There was one member of staff, however, who was conspicuous by her absence. The Little Cabbage did not come and when Ellen met her, two days after her return, the encounter was unfortunate.
Ellen during those first days worked as she had not
worked before. She scrubbed, she sewed on name tapes, she set up her ironing board in the laundry room, she brought pots of flowers upstairs and emptied washing baskets and mended curtains.

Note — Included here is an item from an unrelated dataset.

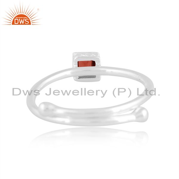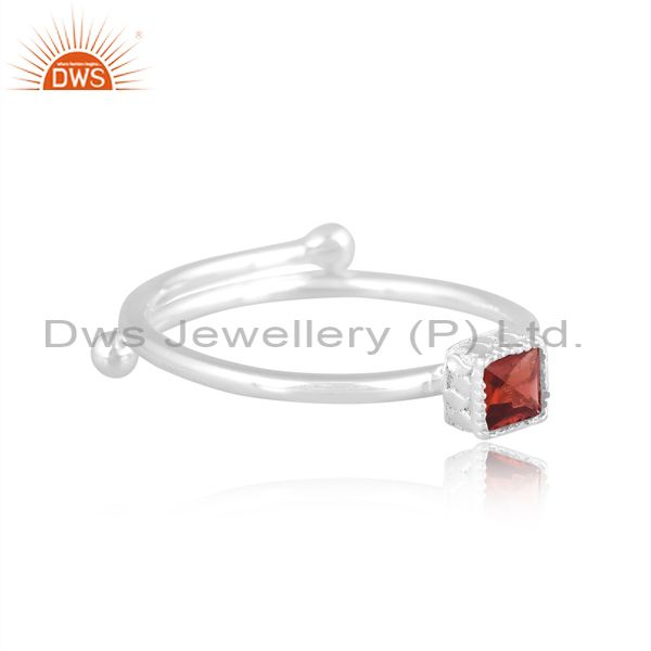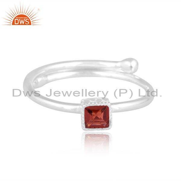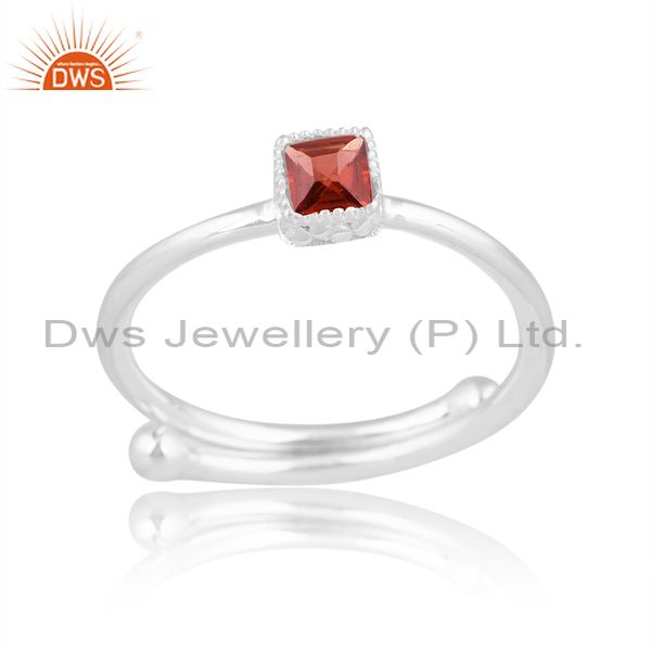 Sterling Silver White Ring With Garnet Cut Square Stone

Soon the words "Where's Ellen?"' could be heard with increasing frequency as children came in with grazed knees, bruised foreheads or more complex bruising of the soul. They learnt by the state of her hair how much time she could give them: when it was screwed up on top of her head it was best to fall in behind her with a cloth; when it was in a plait over one shoulder she was bound for the garden; when it was loose she had time to talk. Her clean, starched aprons, pink or white or blue, became a kind of beacon. On the days that they were blue, Chomsky would make an excuse to leave the metalwork shop and tell her that she reminded him of his nursemaid, Katya, whom he had deeply loved.
During that time, when she took almost no time off and did not even allow herself to think of Kohlr@oserl Ellen began to feel that she was some way to accomplishing her task.
But pride goes before a fall. Ellen's fall came at the end of the first week when she was cleaning out a strange collection of debris she found in a small round room in the East Tower.
She had noticed a painting hanging on a dark wall above a table full of unsavoury litter: an old tin of Cerebos salt, rusty round the rim, a candle-end burnt dangerously low, a dead bunch of marigolds with slimy stalks and a piece of bread covered in mouse droppings.